(Stored entries)
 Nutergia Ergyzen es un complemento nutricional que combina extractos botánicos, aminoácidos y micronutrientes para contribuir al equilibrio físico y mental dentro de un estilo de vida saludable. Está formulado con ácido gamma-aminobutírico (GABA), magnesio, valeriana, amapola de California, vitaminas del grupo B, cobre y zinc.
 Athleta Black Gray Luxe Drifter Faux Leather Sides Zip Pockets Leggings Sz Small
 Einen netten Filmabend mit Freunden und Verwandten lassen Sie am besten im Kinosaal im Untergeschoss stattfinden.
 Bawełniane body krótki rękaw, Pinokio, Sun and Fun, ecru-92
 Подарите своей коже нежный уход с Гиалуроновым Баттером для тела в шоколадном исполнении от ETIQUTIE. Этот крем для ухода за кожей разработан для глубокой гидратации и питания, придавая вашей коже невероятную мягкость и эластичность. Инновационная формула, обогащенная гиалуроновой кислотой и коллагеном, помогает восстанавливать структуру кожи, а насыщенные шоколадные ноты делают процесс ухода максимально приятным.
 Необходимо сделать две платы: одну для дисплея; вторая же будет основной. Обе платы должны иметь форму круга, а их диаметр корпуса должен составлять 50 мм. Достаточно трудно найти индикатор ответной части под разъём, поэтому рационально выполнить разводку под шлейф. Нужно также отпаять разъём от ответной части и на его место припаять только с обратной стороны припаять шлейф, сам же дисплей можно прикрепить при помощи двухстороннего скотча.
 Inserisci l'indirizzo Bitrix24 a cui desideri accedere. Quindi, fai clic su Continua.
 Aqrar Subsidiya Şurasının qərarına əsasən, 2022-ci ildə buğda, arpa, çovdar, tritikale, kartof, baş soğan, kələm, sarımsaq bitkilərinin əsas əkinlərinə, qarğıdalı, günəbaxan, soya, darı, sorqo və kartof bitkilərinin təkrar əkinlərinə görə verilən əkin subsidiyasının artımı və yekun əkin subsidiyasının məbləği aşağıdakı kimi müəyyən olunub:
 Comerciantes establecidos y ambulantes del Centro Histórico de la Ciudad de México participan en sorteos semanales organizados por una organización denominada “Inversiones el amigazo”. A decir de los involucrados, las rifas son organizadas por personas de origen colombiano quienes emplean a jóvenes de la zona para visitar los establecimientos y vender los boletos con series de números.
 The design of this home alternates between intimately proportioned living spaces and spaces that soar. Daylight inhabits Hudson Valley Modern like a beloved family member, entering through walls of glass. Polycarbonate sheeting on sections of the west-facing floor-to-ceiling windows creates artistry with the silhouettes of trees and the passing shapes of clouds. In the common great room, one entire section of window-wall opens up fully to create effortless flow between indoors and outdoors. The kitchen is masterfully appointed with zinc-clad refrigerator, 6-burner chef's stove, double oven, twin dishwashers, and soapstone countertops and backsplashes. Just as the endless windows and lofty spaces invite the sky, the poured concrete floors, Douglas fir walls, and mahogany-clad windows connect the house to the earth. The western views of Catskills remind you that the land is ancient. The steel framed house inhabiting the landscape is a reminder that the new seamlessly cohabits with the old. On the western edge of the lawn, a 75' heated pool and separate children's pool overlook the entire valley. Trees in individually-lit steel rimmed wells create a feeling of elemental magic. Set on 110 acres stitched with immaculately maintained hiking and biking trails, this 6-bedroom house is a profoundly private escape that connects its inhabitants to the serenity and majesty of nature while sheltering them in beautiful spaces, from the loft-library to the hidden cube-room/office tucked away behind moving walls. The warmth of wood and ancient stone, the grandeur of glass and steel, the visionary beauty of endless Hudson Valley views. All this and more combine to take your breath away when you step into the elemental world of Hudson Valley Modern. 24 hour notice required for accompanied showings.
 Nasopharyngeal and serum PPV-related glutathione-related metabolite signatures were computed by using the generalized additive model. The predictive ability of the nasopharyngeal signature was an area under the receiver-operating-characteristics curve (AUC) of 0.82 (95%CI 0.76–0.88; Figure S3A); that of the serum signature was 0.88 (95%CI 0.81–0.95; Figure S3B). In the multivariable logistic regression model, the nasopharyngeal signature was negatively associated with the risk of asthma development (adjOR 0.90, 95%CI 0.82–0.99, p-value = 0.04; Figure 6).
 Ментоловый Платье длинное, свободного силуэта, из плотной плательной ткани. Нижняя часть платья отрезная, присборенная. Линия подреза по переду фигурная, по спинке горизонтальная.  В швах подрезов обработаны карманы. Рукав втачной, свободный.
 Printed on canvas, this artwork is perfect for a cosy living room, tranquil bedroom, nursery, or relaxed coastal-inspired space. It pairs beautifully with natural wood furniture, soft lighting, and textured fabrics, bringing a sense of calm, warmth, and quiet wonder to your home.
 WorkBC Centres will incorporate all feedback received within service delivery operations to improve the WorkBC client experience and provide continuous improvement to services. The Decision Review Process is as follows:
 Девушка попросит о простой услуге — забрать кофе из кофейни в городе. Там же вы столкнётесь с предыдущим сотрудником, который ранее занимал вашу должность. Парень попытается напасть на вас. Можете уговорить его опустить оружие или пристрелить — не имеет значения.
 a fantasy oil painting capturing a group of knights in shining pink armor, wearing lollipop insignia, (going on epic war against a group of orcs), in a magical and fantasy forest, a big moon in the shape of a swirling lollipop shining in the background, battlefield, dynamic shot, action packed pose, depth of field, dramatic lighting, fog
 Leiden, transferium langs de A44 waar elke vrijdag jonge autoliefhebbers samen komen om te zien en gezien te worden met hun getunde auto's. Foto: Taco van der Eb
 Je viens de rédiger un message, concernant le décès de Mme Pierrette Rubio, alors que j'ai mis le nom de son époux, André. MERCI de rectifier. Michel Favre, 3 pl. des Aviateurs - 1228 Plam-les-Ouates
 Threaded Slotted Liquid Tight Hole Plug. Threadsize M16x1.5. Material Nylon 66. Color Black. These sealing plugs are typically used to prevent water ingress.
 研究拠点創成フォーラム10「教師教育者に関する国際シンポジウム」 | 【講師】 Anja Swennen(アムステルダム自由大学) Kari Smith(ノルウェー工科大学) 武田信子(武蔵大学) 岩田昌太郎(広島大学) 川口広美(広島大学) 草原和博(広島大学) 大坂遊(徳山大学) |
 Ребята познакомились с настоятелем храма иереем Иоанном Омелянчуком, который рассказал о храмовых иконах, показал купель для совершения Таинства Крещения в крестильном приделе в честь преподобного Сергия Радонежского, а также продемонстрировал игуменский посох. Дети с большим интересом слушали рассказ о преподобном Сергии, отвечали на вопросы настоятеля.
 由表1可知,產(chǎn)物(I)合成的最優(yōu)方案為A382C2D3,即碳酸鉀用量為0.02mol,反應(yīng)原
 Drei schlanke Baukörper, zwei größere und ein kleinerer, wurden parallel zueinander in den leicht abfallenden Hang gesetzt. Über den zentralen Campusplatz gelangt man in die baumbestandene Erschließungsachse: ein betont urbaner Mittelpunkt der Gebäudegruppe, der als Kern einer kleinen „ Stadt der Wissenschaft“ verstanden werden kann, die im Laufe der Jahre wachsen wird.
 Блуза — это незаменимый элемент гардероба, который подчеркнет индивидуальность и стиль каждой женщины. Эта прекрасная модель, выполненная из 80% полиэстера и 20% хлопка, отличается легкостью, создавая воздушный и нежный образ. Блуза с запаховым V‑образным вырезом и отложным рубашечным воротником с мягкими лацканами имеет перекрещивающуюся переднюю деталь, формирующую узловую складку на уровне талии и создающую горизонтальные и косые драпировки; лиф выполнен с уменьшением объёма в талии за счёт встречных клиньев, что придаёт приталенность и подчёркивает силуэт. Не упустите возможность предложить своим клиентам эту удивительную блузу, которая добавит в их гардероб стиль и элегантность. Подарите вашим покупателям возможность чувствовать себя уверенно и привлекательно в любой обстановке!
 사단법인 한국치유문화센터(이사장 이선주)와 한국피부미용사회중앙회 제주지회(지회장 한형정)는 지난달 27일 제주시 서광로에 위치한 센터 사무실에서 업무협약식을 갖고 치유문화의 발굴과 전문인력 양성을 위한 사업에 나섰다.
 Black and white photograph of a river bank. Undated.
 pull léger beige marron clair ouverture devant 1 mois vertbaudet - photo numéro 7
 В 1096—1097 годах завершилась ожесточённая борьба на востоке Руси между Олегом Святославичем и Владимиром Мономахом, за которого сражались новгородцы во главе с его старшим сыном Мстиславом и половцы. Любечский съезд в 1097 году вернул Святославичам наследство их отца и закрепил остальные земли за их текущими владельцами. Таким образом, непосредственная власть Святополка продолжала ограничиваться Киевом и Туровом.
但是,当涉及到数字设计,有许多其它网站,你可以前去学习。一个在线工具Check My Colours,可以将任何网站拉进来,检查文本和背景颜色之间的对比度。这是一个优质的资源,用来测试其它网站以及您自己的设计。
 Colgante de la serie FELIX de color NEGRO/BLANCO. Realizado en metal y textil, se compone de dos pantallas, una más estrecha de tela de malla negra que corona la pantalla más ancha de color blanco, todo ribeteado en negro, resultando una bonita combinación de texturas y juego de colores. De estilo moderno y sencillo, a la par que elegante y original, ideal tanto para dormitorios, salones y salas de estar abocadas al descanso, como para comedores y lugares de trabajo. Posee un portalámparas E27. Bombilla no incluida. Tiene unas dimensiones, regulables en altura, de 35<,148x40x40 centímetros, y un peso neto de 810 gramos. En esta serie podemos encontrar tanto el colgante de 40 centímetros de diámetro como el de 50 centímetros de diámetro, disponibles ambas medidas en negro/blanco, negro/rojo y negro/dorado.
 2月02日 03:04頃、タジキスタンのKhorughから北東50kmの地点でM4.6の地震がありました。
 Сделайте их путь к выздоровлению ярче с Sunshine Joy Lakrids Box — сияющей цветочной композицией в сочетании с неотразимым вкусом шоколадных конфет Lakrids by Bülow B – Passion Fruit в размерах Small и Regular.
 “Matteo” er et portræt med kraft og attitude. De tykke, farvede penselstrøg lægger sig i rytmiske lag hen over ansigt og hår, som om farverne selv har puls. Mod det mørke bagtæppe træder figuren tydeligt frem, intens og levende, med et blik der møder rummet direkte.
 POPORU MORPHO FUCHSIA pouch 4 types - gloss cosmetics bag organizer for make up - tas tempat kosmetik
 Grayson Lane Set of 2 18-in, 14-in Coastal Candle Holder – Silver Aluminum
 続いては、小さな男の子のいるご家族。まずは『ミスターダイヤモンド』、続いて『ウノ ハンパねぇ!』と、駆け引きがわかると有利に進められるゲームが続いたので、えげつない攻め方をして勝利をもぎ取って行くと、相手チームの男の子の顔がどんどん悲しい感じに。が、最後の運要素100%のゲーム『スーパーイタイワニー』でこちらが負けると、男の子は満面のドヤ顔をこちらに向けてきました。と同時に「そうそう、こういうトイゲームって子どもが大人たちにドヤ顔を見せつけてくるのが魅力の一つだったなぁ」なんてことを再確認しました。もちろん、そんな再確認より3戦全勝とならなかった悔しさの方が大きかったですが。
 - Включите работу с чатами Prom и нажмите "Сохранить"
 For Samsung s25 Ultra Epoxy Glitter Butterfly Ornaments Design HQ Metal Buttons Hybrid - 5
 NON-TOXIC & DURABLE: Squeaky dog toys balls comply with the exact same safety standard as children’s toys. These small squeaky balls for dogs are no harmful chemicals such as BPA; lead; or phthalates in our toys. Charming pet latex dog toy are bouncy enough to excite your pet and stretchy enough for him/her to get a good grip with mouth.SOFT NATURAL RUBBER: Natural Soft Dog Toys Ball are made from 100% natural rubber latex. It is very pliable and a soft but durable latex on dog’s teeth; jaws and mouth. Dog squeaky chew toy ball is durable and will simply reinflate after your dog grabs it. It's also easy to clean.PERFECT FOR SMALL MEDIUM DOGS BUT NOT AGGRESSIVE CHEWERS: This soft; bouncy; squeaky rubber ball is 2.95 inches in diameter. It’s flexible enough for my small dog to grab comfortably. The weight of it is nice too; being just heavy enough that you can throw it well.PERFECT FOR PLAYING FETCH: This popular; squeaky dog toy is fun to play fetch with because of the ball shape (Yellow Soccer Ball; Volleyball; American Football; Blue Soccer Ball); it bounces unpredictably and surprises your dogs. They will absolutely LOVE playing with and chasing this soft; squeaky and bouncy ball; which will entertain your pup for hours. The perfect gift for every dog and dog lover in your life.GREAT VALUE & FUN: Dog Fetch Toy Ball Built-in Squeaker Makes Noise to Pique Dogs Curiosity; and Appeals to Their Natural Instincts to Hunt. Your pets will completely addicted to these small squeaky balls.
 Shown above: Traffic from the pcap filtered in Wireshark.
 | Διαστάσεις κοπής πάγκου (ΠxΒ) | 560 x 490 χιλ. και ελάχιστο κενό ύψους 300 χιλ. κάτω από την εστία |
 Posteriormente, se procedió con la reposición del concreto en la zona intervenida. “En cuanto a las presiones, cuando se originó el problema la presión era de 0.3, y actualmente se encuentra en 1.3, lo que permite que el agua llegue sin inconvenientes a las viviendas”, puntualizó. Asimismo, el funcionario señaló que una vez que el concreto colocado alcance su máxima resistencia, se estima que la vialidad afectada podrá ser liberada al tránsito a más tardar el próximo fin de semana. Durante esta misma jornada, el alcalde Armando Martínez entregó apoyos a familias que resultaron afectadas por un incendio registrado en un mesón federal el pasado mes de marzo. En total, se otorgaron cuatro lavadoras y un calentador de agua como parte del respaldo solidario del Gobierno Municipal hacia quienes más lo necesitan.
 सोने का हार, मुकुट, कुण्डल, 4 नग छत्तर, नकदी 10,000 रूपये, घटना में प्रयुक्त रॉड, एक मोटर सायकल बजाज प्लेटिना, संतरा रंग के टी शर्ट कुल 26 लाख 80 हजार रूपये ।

**Task statement**
Among the entries above, find the line with "Grayson Lane Set" and the line with "For Samsung s25"; give again exactly these two lines and all lines between them.

**Task result**
 Grayson Lane Set of 2 18-in, 14-in Coastal Candle Holder – Silver Aluminum
 続いては、小さな男の子のいるご家族。まずは『ミスターダイヤモンド』、続いて『ウノ ハンパねぇ!』と、駆け引きがわかると有利に進められるゲームが続いたので、えげつない攻め方をして勝利をもぎ取って行くと、相手チームの男の子の顔がどんどん悲しい感じに。が、最後の運要素100%のゲーム『スーパーイタイワニー』でこちらが負けると、男の子は満面のドヤ顔をこちらに向けてきました。と同時に「そうそう、こういうトイゲームって子どもが大人たちにドヤ顔を見せつけてくるのが魅力の一つだったなぁ」なんてことを再確認しました。もちろん、そんな再確認より3戦全勝とならなかった悔しさの方が大きかったですが。
 - Включите работу с чатами Prom и нажмите "Сохранить"
 For Samsung s25 Ultra Epoxy Glitter Butterfly Ornaments Design HQ Metal Buttons Hybrid - 5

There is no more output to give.